Вот так и крестился…
Жена, когда увидела крестик на моей груди, обняла меня и заплакала.
Священник Анатолий перекрестился, замолчав, а потом добавил:
– А женщина эта с коляской теперь каждый раз, когда что-то важное решить надо, появляется…
Старец Иоанн
Всенощная ещё не началась, но в храме уже тесно стало.
Прихожане сгрудились вокруг старца Иоанна, сидящего в кресле возле аналоя с праздничной иконой.
Слабым, дрожащим голосом он вёл свою беседу, то разговаривая с отдельными людьми, то обращаясь ко всем сразу.
И тогда, хотя по-прежнему слабо звучал дрожащий голос, как-то слышнее становилось, и каждое слово можно было разобрать даже и в задних рядах.
Впрочем, этот эффект можно было объяснить устройством акустики храма.
Когда старец Иоанн вёл частный разговор, он опускал свою седую голову в камилавке, слушая говорившего, а когда обращался ко всем, голова его была поднята, и слова разносились по всему помещению.
Вот и сейчас, когда свечница протянула ему мобильный телефон, не слышно было ничего, о чём разговаривает старец, а когда, вернув телефон, поднялся он из кресла, сразу голос обрёл силу...
– А сейчас помолимся вместе за раба Божьего Сергия... – сказал старец. – Он идёт к нам…
И хотя вроде бы, с какой это стати надобно молиться за человека, который позвонил отцу Иоанну, что идёт в церковь, но не прозвучало ни слова недоумения. Все прихожане начали молиться, осеняя себя крестным знамением.
И действительно, немного и времени прошло, как открылась дверь, и в храм вошёл мужчина лет сорока, в кожаной куртке.
Перекрестился и он, и тоже начал молиться.
А потом, притомившись, старец Иоанн снова опустился в кресло, и беседа его с прихожанами продолжилась.
Как раз тут к мужчине в куртке протиснулась свечница.
– Пойдёмте, Сергий... – сказала она. – Вас батюшка зовёт...
Мужчина удивлённо посмотрел на неё, но спорить не стал, послушно двинулся за свечницей, протискиваясь через прихожан, ещё теснее сгрудившихся вокруг отца Иоанна.
Мне самому хотелось подойти сегодня к батюшке, взять благословение на важное для меня дело, но, похоже было, что не получится, скоро уже должна была начаться всенощная, а народу к старцу не становилось меньше.
И не то чтобы раздражение у меня вызвал этот Сергей, предваривший своё появление в храме телефонным звонком, но досада была, это уж точно...

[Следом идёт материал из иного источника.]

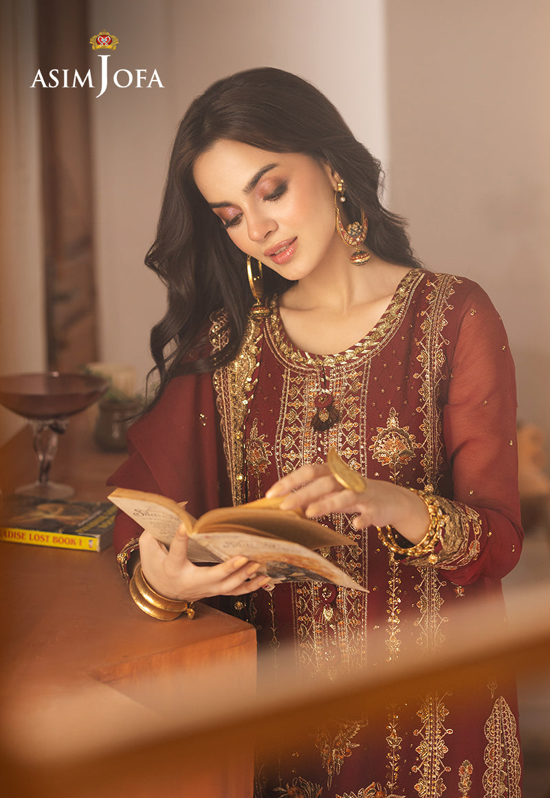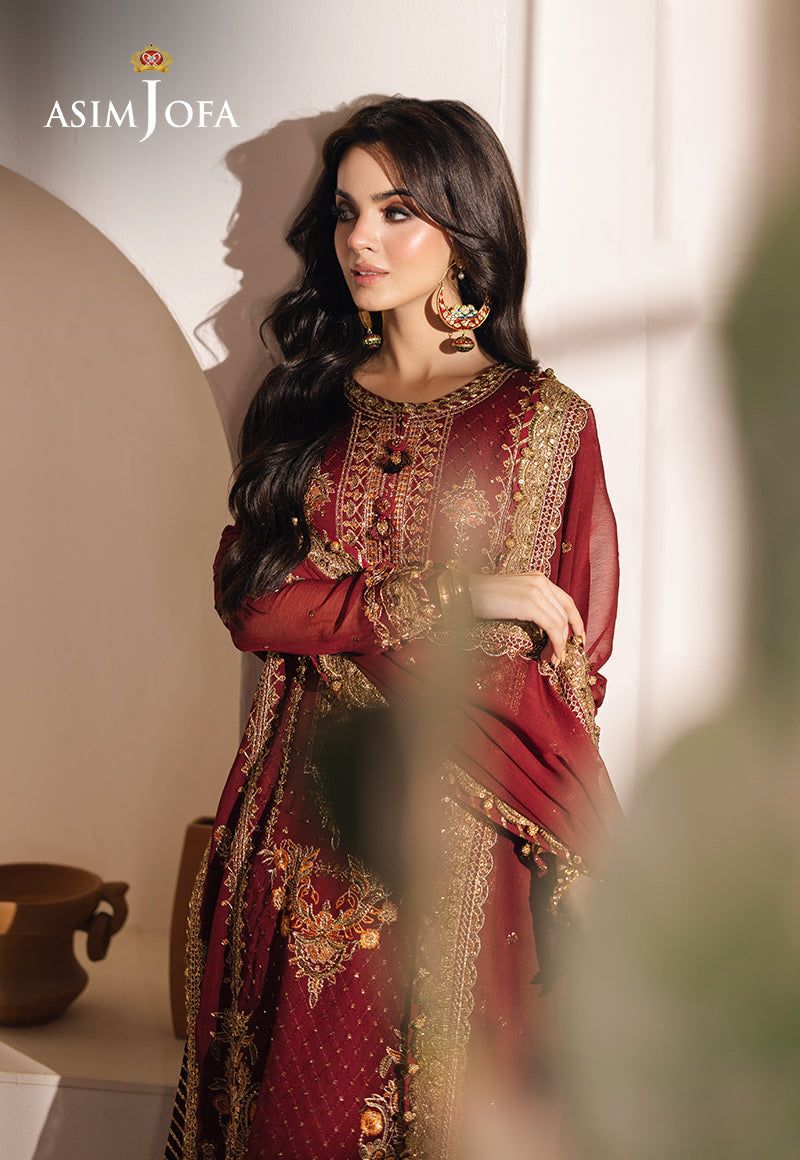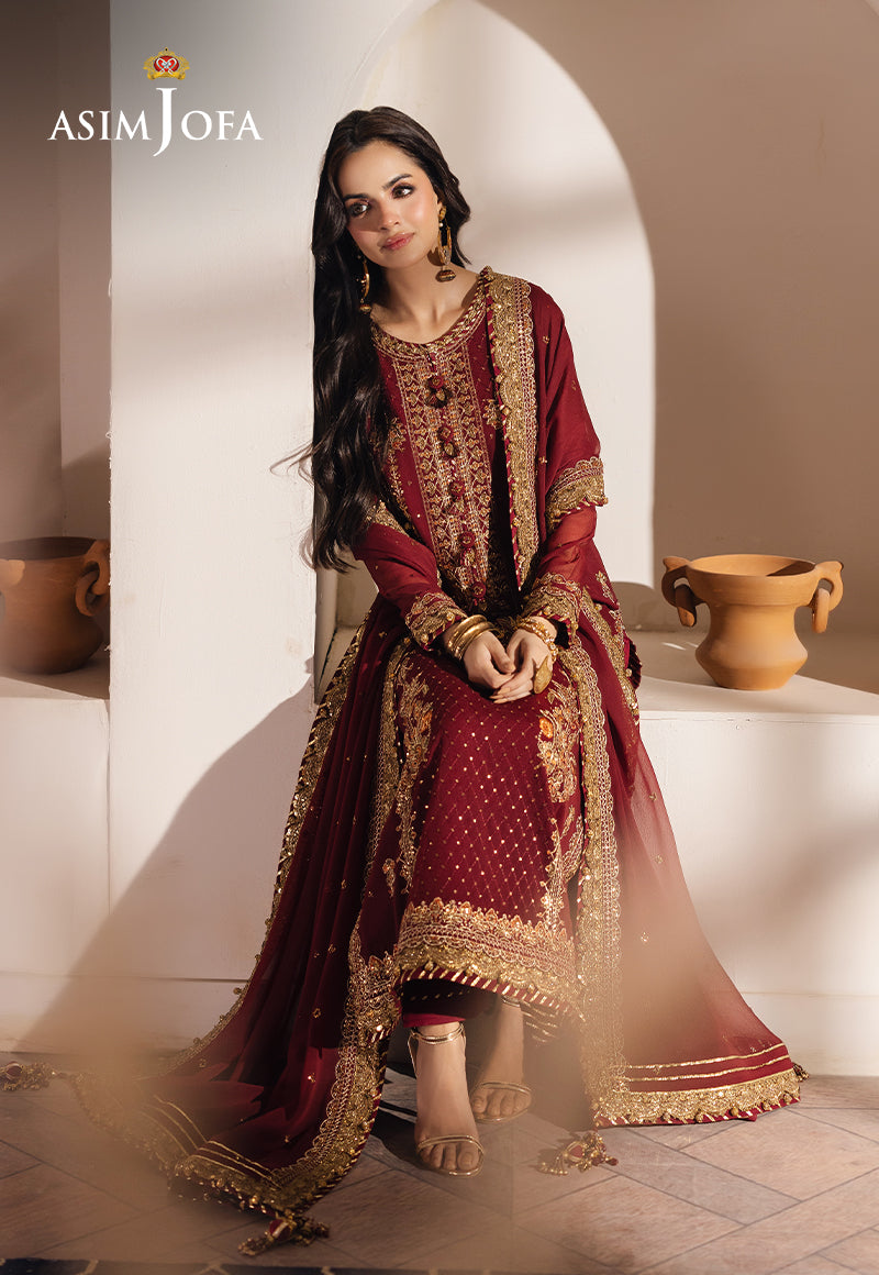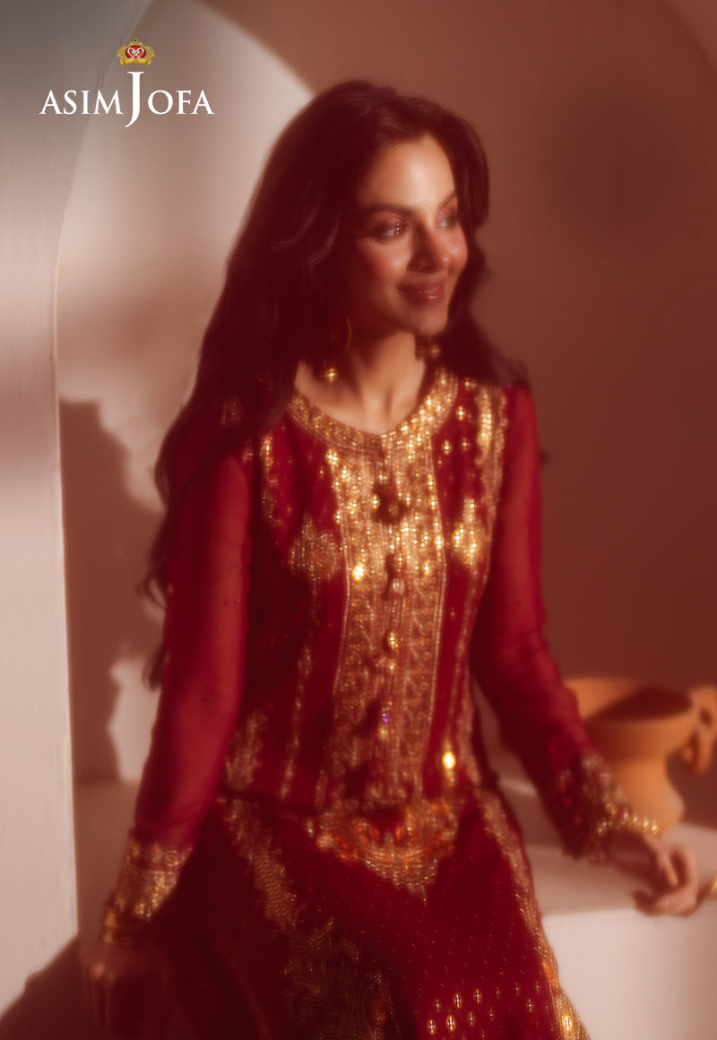 Drenched in the richness of deep red, this captivating ensemble is a testament to timeless elegance. The shirt is adorned with intricate rust threadwork that weaves tales of passion and artistry. Gold zari detailing adds a regal touch, shimmering like molten sunlight, while gold sequins scatter across the design, catching the light like radiant embers. The ensemble is completed with a gracefully embroidered chiffon dupatta, enhancing its allure and transforming it into a true statement of sophistication and charm.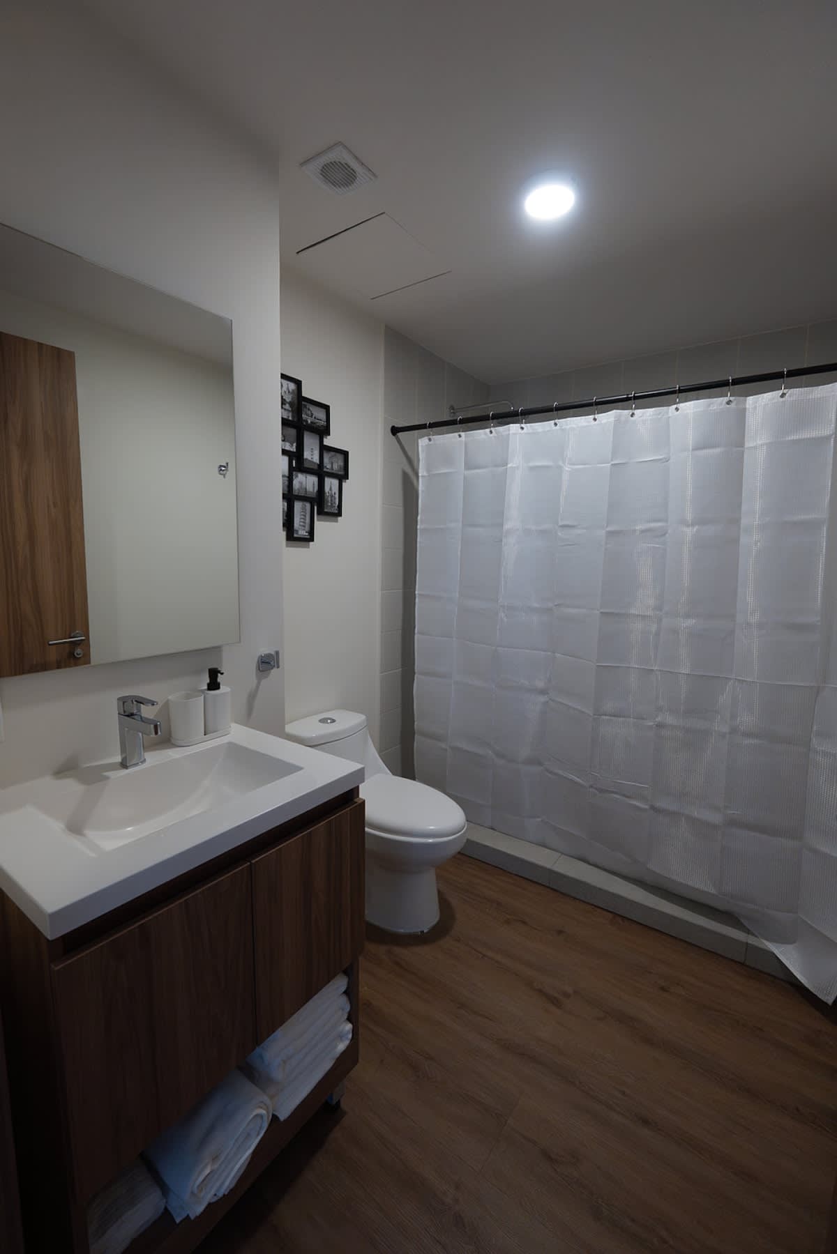 - Bathroom: modern full bathroom with a shower
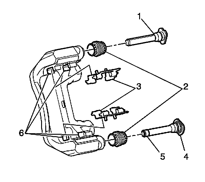 10. Inspect the brake caliper guide pins (1, 4) for freedom of movement, and inspect the condition of the guide pin boots (2). Move the guide pins inboard and outboard within the bracket bores, without disengaging the slides from the boots, and observe for the following: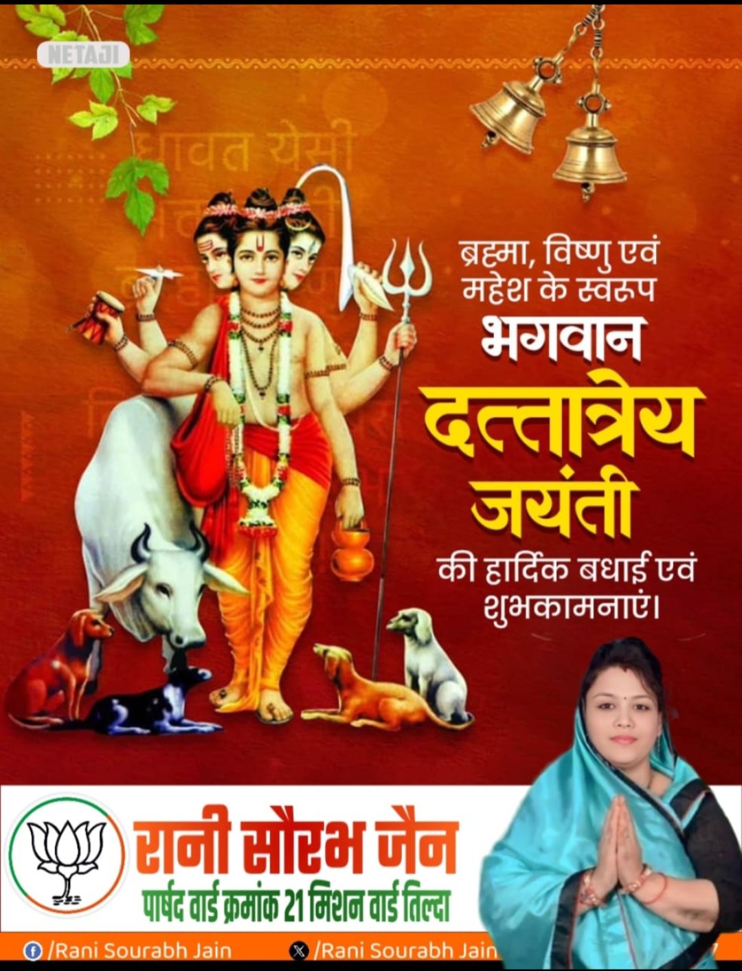 तिल्दा नेवरा: भाजपा समर्पित समाज सेविका पार्षद नगर पालिका तिल्दा नेवरा श्रीमती रानी सौरभ जैन ने भगवान दत्तात्रेय की जयंती (4 दिसम्बर) के पावन अवसर पर प्रदेशवासियों को हार्दिक बधाई और शुभकामनाएँ दी हैं। उन्होंने भगवान दत्तात्रेय से समस्त नागरिकों के सुख, शांति, समृद्धि और कल्याण की कामना की है।समाज सेविका पार्षद श्रीमती रानी सौरभ जैन ने कहा कि भगवान दत्तात्रेय सत्कर्म, सादगी, विनम्रता, त्याग और ज्ञान के शाश्वत प्रतीक हैं। उन्होंने मानव जीवन को अहंकार से मुक्त होकर ज्ञानमार्ग अपनाने और जीवन को सद्कर्मों से आलोकित करने की प्रेरणा दी है।श्रीमती रानी सौरभ जैन ने कहा कि भगवान दत्तात्रेय ब्रह्मा, विष्णु और महेश — तीनों देवताओं के संयुक्त दिव्य स्वरूप हैं। उनकी उपासना से ज्ञान, शक्ति, धैर्य और समृद्धि का आशीर्वाद प्राप्त होता है। उन्होंने कहा कि भगवान दत्तात्रेय जयंती हम सबके लिए आत्मचिंतन, सद्विचार और संस्कारों से भरे जीवन की प्रेरणा लेकर आती है।श्रीमती रानी सौरभ जैन ने प्रदेशवासियों से आग्रह किया कि वे भगवान दत्तात्रेय के उपदेशों को आत्मसात कर समाज में सद्भाव, सेवा और सकारात्मकता को बढ़ाने का संकल्प लें।

Чтобы не накручивать себя, я вышел в притвор, где устроена была церковная лавка, начал разглядывать свежие номера журналов...
Я успел прочитать несколько заметок, когда в церковной лавке появился мужчина в кожаной куртке.
Лицо его было ещё растеряннее, чем тогда, когда он вошёл в храм.
– Мне записки написать надо... – сказал он мне. – Вы не подскажете, как это сделать...
– А вот листочки... – сказал я. – Кого за здравие нужно – те имена в записку «За здравие». Кого за упокой – те имена в этот, Сергей, листочек…
Мужчина взял листочки, которые я протянул ему, но продолжал смотреть на меня.
– Простите... – сказал он. – А откуда здесь все моё имя знают?
– Ну как откуда... – я пожал плечами. – Когда вы батюшке позвонили, он объявил, что сейчас Сергей придёт, и ещё помолиться попросил за вас...
– Но я же не звонил никому… – покачал головой Сергей. – Не мог я звонить, потому что не только телефона, но и батюшку не знал. Я вообще ещё час назад не знал, куда я пойду: такое состояние было... А потом я сюда свернул и эту церковь увидел...
– Ну, это не важно, звонили вы или нет... – сказал я, чувствуя, как рассеивается досада. – Главное, что отец Иоанн сказал, что вы придёте. И имя ваше назвал... Вы пишите, пишите записки, как он велел...
Сергей кивнул и отодвинулся в сторону, а ко мне почти подбежала свечница.
– Ну что же вы здесь стоите? – сказала она. – Сейчас же всенощная начнётся. Не успеете благословиться у старца.
Слава Богу, благословение старца Иоанна я успел взять...
На очень важное для меня дело просил я его...
Двенадцатый пузырек
За обедом в трапезной моя жена Марина рассказала историю, которую поведал нам епископ Мстислав, про чудо, произошедшее с ним у мощей Александра Свирского.
1.
Произошло это событие, когда Мстислава только ещё назначили игуменом...
И вот служил он молебен у мощей Александра Свирского и вдруг – столько тогда разговоров ходило насчёт подлинности обретённых в Военно-медицинской академии мощей! – задумался, а на самом ли деле это мощи преподобного?
И вот закрыл он после молебна мощи и уже выходил из храма, как подбежал к нему мужчина с грудным ребёнком на руках.
– Отче... – говорит. – Благословите к мощам приложиться, мы специально с Урала ехали, а вот опоздали...
– Ну, если с Урала специально ехали, то приложитесь, конечно...
И пока открывал мощи, мужчина рассказал ему, что два года назад жена его операцию сделала, да так, что пришлось распрощаться с надеждой завести своих детей. И год назад они приехали сюда, к Александру Свирскому, чтобы благословиться – ребёнка из детдома взять.
А домой вернулись – и не заладилось дело.
– Сами ведь, знаете, владыка, какое это непростое дело, если ты не иностранец... – рассказывал мужчина. – Где найдёшь столько тысяч долларов, чтобы взятку дать? В общем, совсем загоревали мы, но прошло ещё немного времени, и вдруг жена говорит, что она забеременела. Такое вот чудо произошло!
– И родила?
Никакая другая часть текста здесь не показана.